The plot is inconsequential. From the onset of the first frame you know that you're in for something truly horrific. One of the strangest companies to piggy back the success of Disney, the German based "Dingo Pictures" is responsible for other atrocities such as 'The Dalmations' (101 Dalmations), 'Toys' (Toy Story), 'Countryside Bears' (Winnie the Pooh), and the one I'm the most excited to see 'Dinosaur Adventure' (The Land Before Time). Run by a husband and wife team, Ludwig Ickert and Simone Greiss, and I suspect not a single other employee. The backgrounds look like they were hand drawn by elementary schoolers and the characters themselves appear to have been TRACED from the source material. All three cats from "Nice Cats" have the same outline as Duchess from The Aristocats. The animation style reminds me of something between outdated 70's x-rated cartoons and that creepypasta 'Suicide Mouse'. From the limited images I've seen, it appears that all of their films have the same unfinished dullness. If the animation and copyright infringement wasn't enough, the dialog is amateurishly storybook style; with a woman narrating for every character. She has no accent but the grammar and sentax tells me that this was poorly translated from another language. With sentences like "Breathing was difficult for many people because the air was stuffy" - in regards to living in the city, or when the catcher caught a cat saying "That was a successful cat!". My favorite line however is when Lucy announces "I can't find my damn hairbrush!" - apparently Dingo is notorious for sprinkling curse words into their films.

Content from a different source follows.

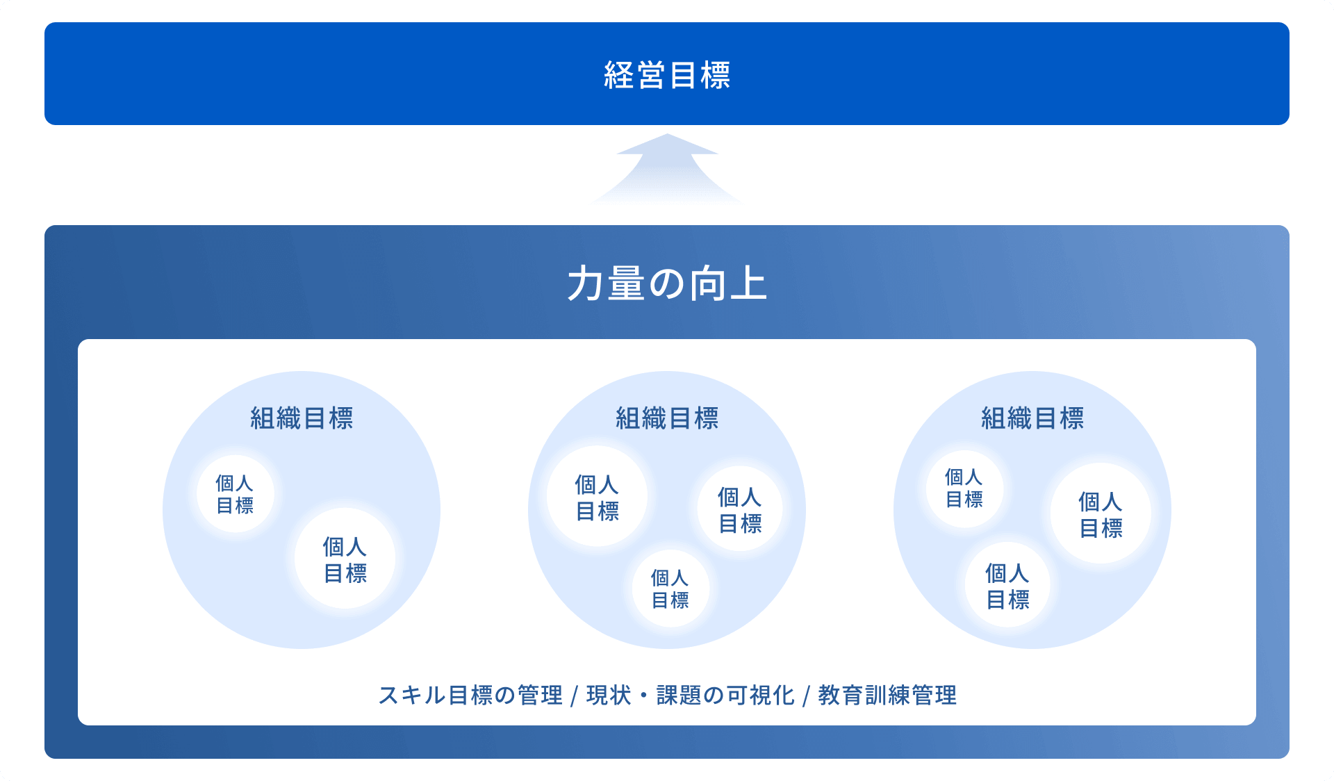 事業戦略に沿った、組織・個人のスキル目標と達成状況を一元管理します。

A few other things I appreciated about 'Nice Cats'...
the entire movie is poorly hand drawn up until the end when they board an 8 bit boat. Suddenly we're in a video game.
The placement of the characters over the background went beyond not giving a shit. Charlie is floating in the middle of the frame like some experimental Jean-Christophe Averty shit.
Cameo by fake Thumper.
The saddest pizza I've ever seen. This isn't even Crayola, this is Roseart half way through the school year.
This racially confused Italian restaurant with a pizza being flipped like a pancake and a miniature china-man wearing a coolie and holding two sticks in front of a closed pot. This may be one of the most confusing moments in film history. I am literally stunned.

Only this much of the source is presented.